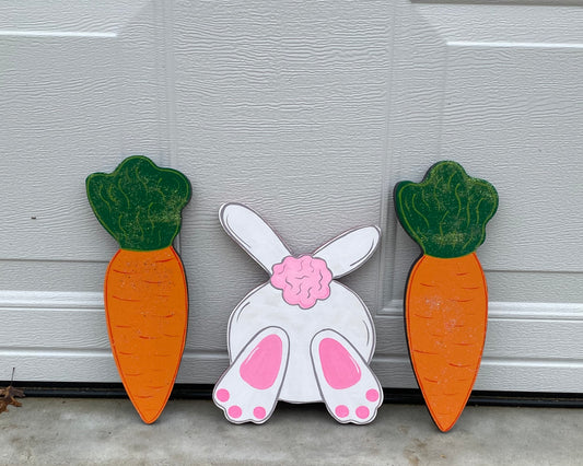 Easter Bunny with Carrots Wood Yard Art or Plant Poke, Easter Decorations, Easter Egg, Carrot, Set of 3
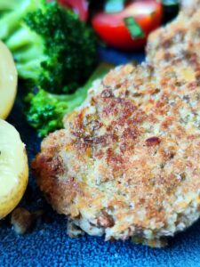 Viską gerai išmaišome. Masė turi būti tokia, kad lengvai formuotųsi kotletai. Jei per skysta – įdedame dar šaukštą avižinių miltų.
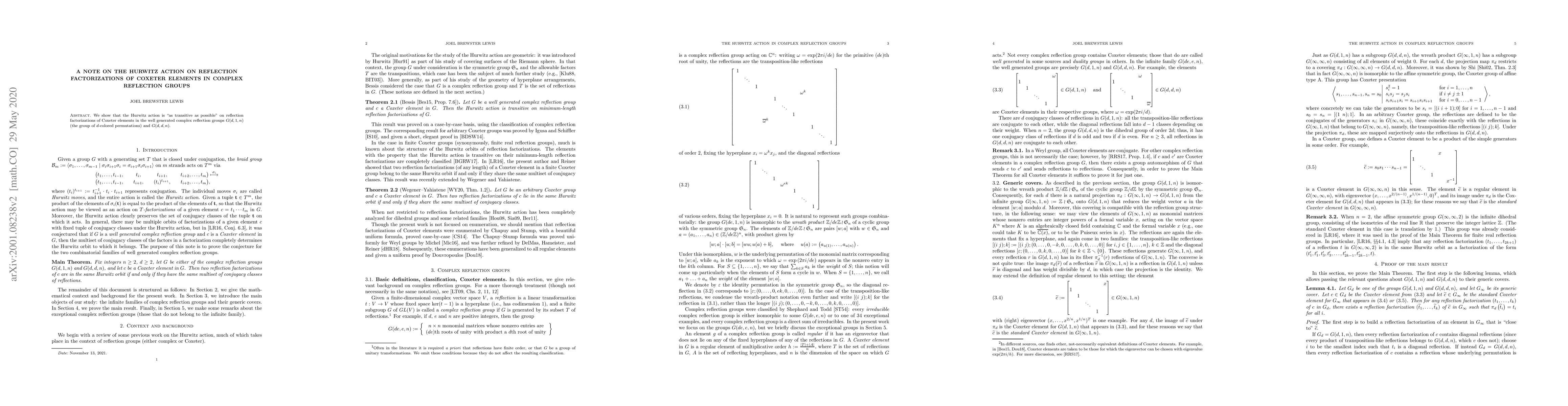 Summary: The paper demonstrates that the Hurwitz action maximally transits reflection factorizations of Coxeter elements in the complex reflection groups $G(d, 1, n)$ and $G(d, d, n)$. This finding underscores the unique transitivity properties within these well-generated groups.
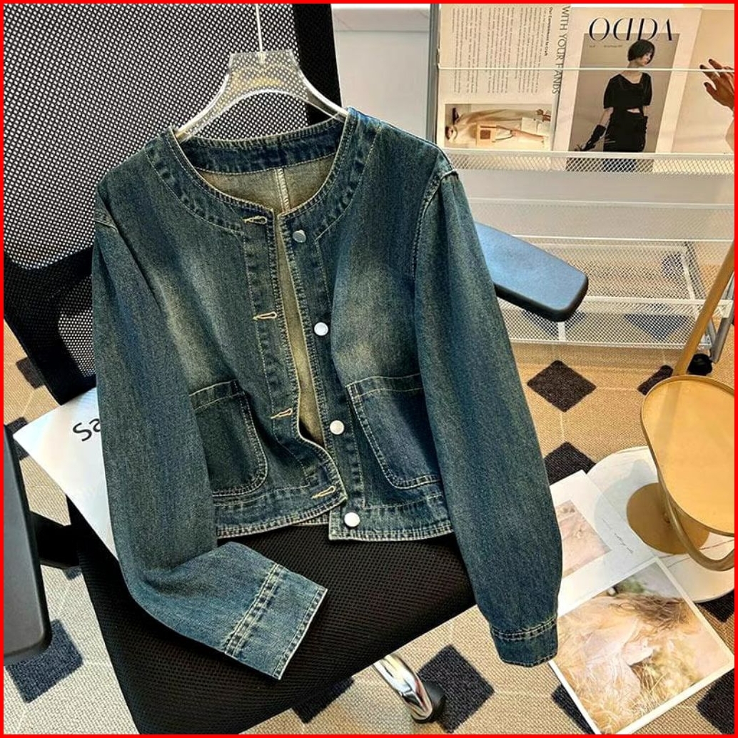 Jaket Jeans Wanita Exxo Clara Cardi Jaket Jeans Leher Sanghai Kekinian
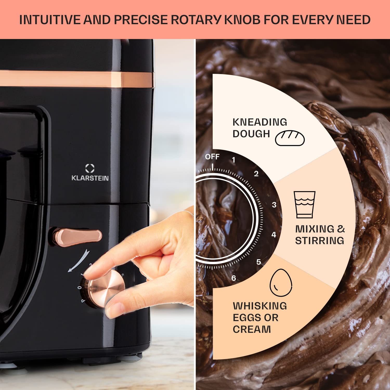 - POWERFUL: Variety is the name of the game in your kitchen, because these mixers for baking can do almost everything in just one device! With a powerful 1800 watts and 6 speeds, the Klarstein Lucia cake mixer processes ingredients like no other.
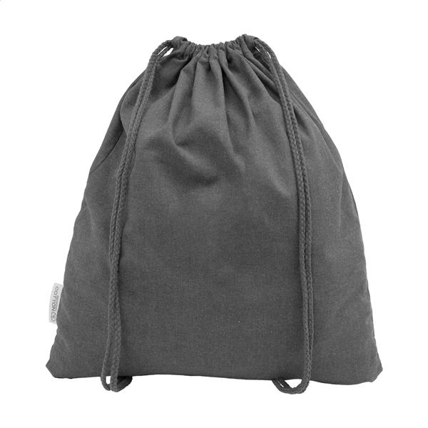 Worek ze sznurkami wykonany w 70% z bawełny z recyklingu i w 30% z poliestru RPET, o gramaturze 140 g/m2. Z charakterystyczną metką z bawełny z recyklingu.
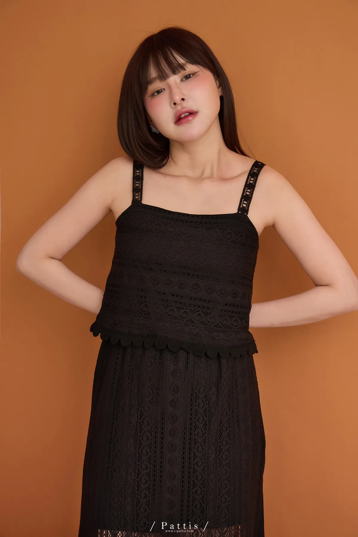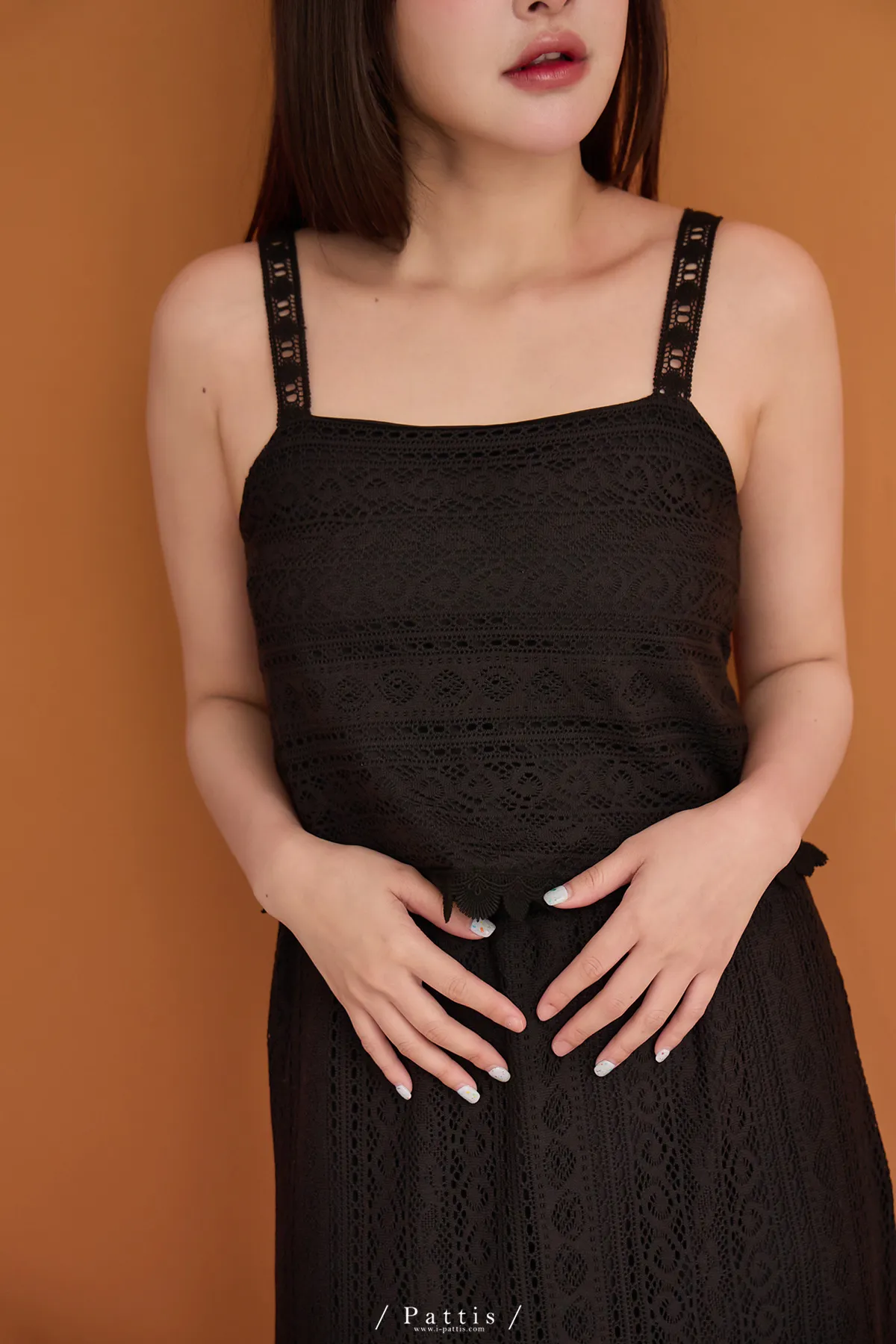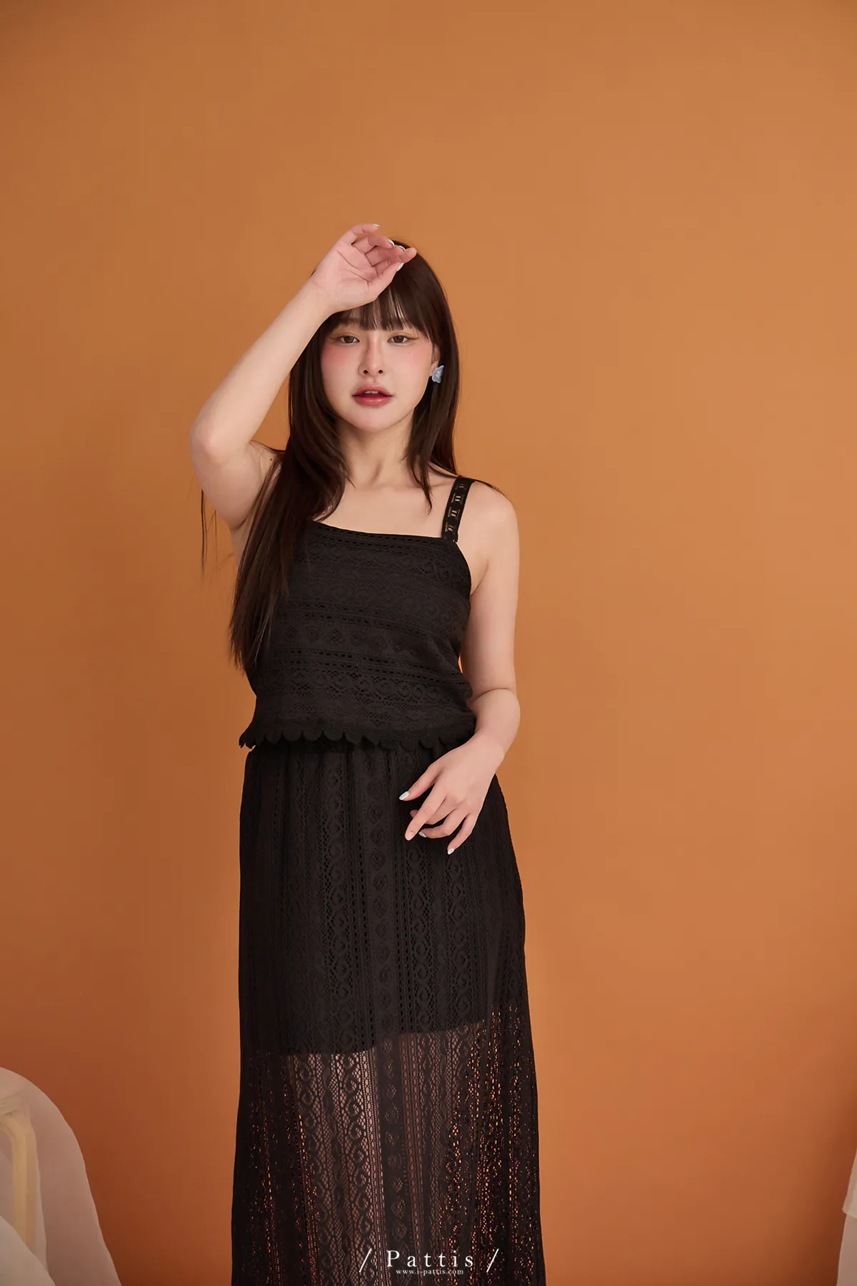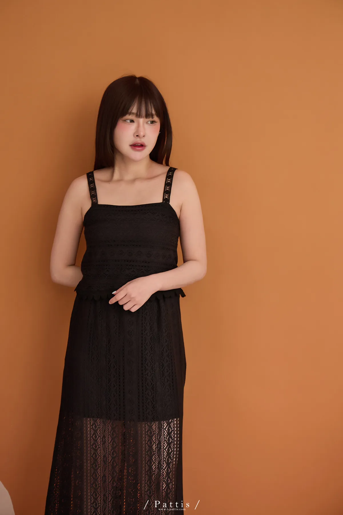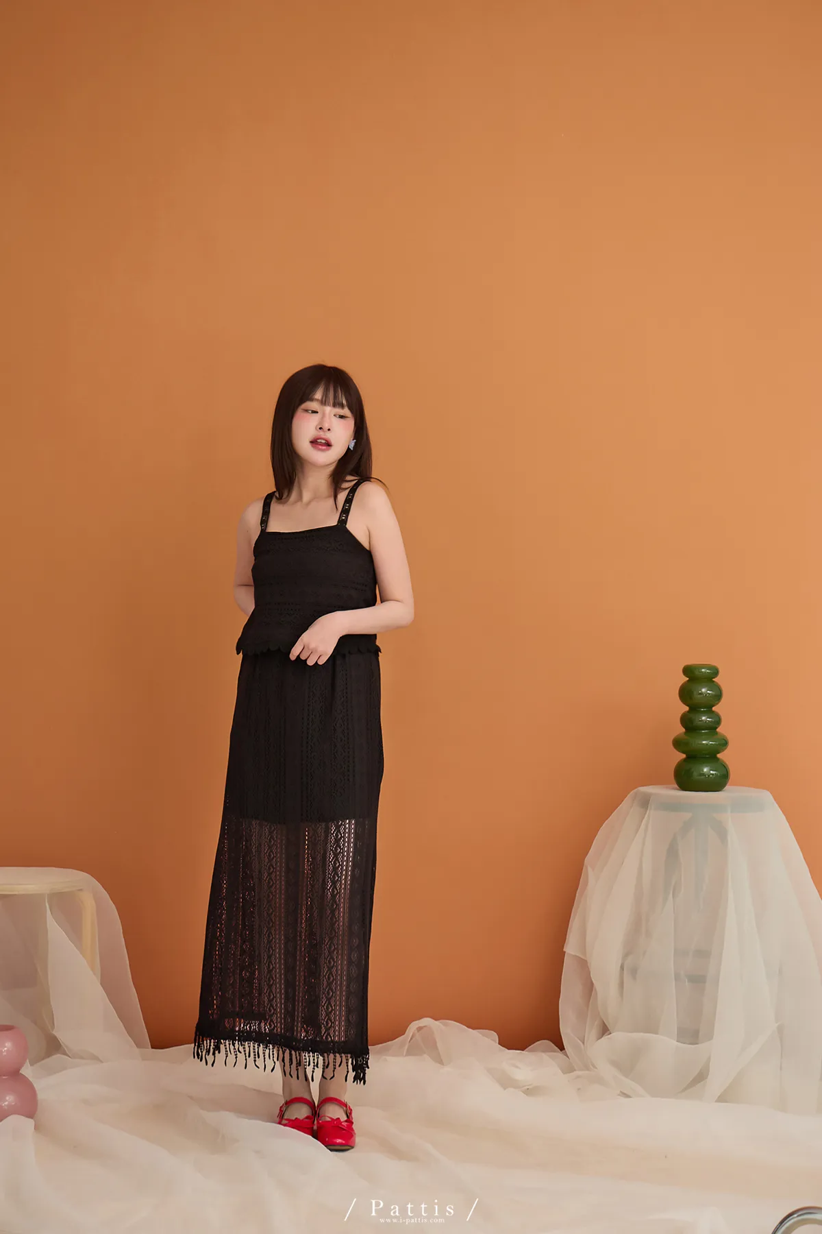 (現貨) 在假期時不接電話 | (可分售)蕾絲刺繡紋吊帶背心+流蘇長裙set(黑)
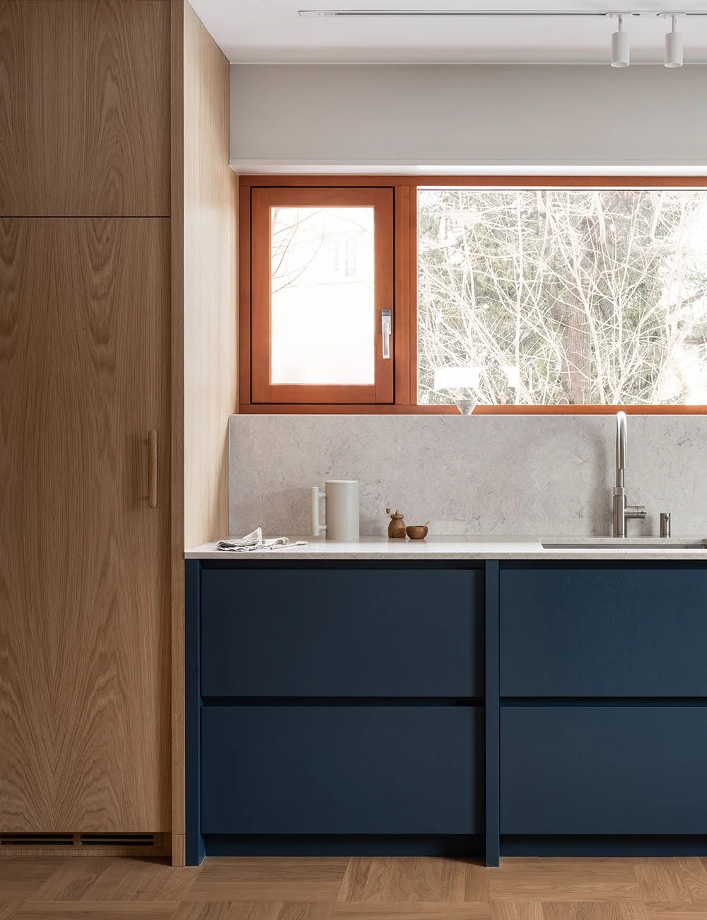 Ett träkök passar bra med många olika bänkskivor – från terrazzo och natursten till komposit och rostfritt. Marmor och kalksten ger en organisk, harmonisk känsla och skapar ett tidlöst, exklusivt uttryck. Stenens färg kan matchas med träets nyans eller med omgivande interiör för att skapa en enhetlig och genomtänkt design.
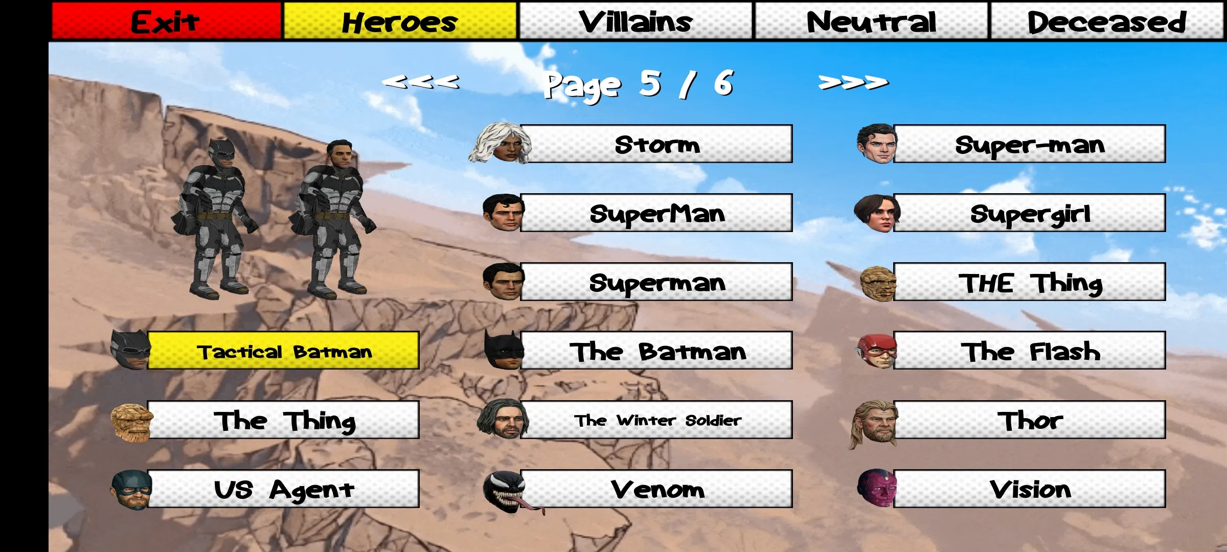 1. 融合漫威宇宙与无敌少侠动画经典角色,操控蜘蛛侠、钢铁侠等漫威英雄与无敌少侠、机器侠等展开对决,体验跨次元格斗乐趣。
====
▶ [DIRECTIONS FOR THIS TASK]
Before duplicating the entries above, strip out the pictures and keep the rest exact.

▶ [RESULT OF THE TASK]
 Easter Bunny with Carrots Wood Yard Art or Plant Poke, Easter Decorations, Easter Egg, Carrot, Set of 3
 Viską gerai išmaišome. Masė turi būti tokia, kad lengvai formuotųsi kotletai. Jei per skysta – įdedame dar šaukštą avižinių miltų.
 Summary: The paper demonstrates that the Hurwitz action maximally transits reflection factorizations of Coxeter elements in the complex reflection groups $G(d, 1, n)$ and $G(d, d, n)$. This finding underscores the unique transitivity properties within these well-generated groups.
 Jaket Jeans Wanita Exxo Clara Cardi Jaket Jeans Leher Sanghai Kekinian
 - POWERFUL: Variety is the name of the game in your kitchen, because these mixers for baking can do almost everything in just one device! With a powerful 1800 watts and 6 speeds, the Klarstein Lucia cake mixer processes ingredients like no other.
 Worek ze sznurkami wykonany w 70% z bawełny z recyklingu i w 30% z poliestru RPET, o gramaturze 140 g/m2. Z charakterystyczną metką z bawełny z recyklingu.
 (現貨) 在假期時不接電話 | (可分售)蕾絲刺繡紋吊帶背心+流蘇長裙set(黑)
 Ett träkök passar bra med många olika bänkskivor – från terrazzo och natursten till komposit och rostfritt. Marmor och kalksten ger en organisk, harmonisk känsla och skapar ett tidlöst, exklusivt uttryck. Stenens färg kan matchas med träets nyans eller med omgivande interiör för att skapa en enhetlig och genomtänkt design.
 1. 融合漫威宇宙与无敌少侠动画经典角色,操控蜘蛛侠、钢铁侠等漫威英雄与无敌少侠、机器侠等展开对决,体验跨次元格斗乐趣。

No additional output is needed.